Nourishment can be a predicting factor for the patient’s survival. Risk of death is increased if he turns out to be undernourished. Malnourishment can be brought by the patient’s inability to prepare his own food and eat adequately due to difficulty in swallowing. Sometimes, the patient’s breathing difficulty, infections, and the mental stress brought by the disease cause the patient to lose his appetite, contributing to malnourishment. “The consequences of malnutrition in patients with ALS are well known. Inadequate dietary intake can exacerbate catabolism and atrophy of respiratory muscles, weaken the immune system and contribute to infection,” Jeffrey Rosenfeld, PhD. and co-author note.
“To prevent malnutrition, early detection of eating difficulty is important.” Coryn Commare, MS. She adds, “It is also important to do a brief dietary recall or intake history to detect nutrient deficiencies. Assessments should include how long it takes patients to finish a meal, chewing or swallowing difficulty, and whether they are choking or coughing on liquids or foods, which could be signs of dysphagia.”
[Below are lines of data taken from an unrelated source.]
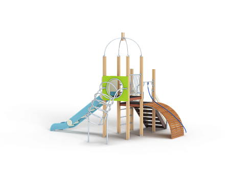 Детский игровой комплекс состоит из двух разновысоких башен. На одной из башен установлена металлическая крыша, спираль наклонная, горка, металлическое ограждение, на другой башне установлен трап барабан с перекладиной и канатом, шведская стенка, ручки и лестница.
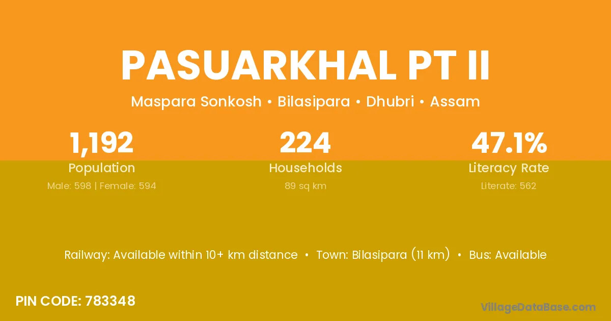 Bilasipara (11 km) is the nearest town to Pasuarkhal Pt Ii village for major economic activities and is located approximately 11 km away.
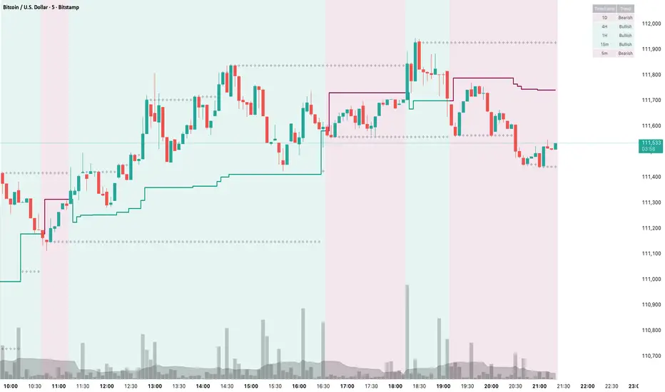 - Multi-Timeframe (MTF) Trend Table: A customizable table is displayed on the chart to provide an immediate summary of the indicator's trend direction across five key timeframes (1D, 4H, 1H, 15m, 5m), giving you instant insight into cross-market directional confluence.
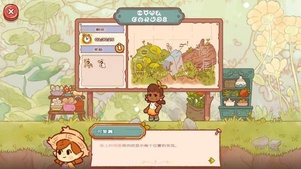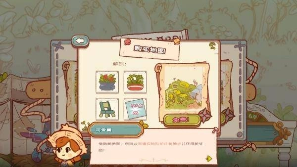5、接下来就能够去探索森林啦,不过在此之前,你得向这只小鸟购买一张地图。第一张地图是免费的,购买之后会解锁全新的家具物品。
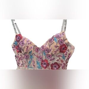 Mac Duggal Nude/Multi Embellished Floral Detail A Line Gown

When a patient is experiencing dysphagia and breathing difficulty, making him eat is a challenge. His doctor, dietitian, and therapist work together in order to orient the caregiver regarding the more appropriate food that will suit the patient’s nutritional needs, taking into consideration the pain he is experiencing. Eating can cause too much discomfort in patients with ALS.
Maintaining a healthy body weight is essential in order to support the body’s functioning and strength. But when weight loss occurs due to loss of appetite, the possibility of nutrient deficiency may be detected. To avoid swallowing discomfort and choking, soft and easy to eat foods can be considered as long as they still have the nutrients needed by the body.
Keeping the patient well hydrated is another challenge for the doctor and dietitian. Swallowing fluids can also be difficult, especially if they find it hard to drink safely. Chin tuck and the appropriate position of the head can make swallowing safer and could prevent the patient from getting choked. It is often recommended to have thicker liquids as they are easier to take than the usual liquids. But the dry and hard solid foods must be moistened before being consumed to have a smoother consistency. The caregiver can use gravy, oils, sauces, or butter to make the solid food much more comfortable to swallow.
It may take a longer time for ALS patients to eat. That’s fine. In fact, they need to concentrate on their chewing and swallowing to make sure they are doing it correctly and safely. For them, eating is not often satisfying because of the unpleasant pain and the worry they feel that they may choke at any time.
Patients with ALS and their caregivers are made aware of the possibility of doing percutaneous endoscopic gastrostomy or PEG tube feeding. Some patients decline the idea of tube feeding at first but will have a change of mind as their health deteriorates. The PEG tube will provide the patients with the optimal nutrition they need. Fluid intake and medication delivery can also be done through the PEG.
With the PEG feeding, there is less risk of choking and food aspiration, and less discomfort caused by dysphagia.
“Timing is crucial for placement of feeding tubes in ALS patients,” Amy Tsou, MD said. “We’ve shown that waiting too long can be detrimental and happens too often. In general, it is important for clinicians and patients to proactively prepare and reevaluate treatment decisions as ALS patients enter into different phases of the disease.”
Adequate fluid intake and proper nutrition are essential for patients with ALS, even those in the terminal stage. Appropriate feeding regimen that fits the patient’s needs, capabilities, daily routines, and health status should be considered to improve the patient’s quality of life.
The family members’ minds are put to ease, and the burden brought by worries and stress is lessened as the patient’s survival increases with the improvement in nutrition.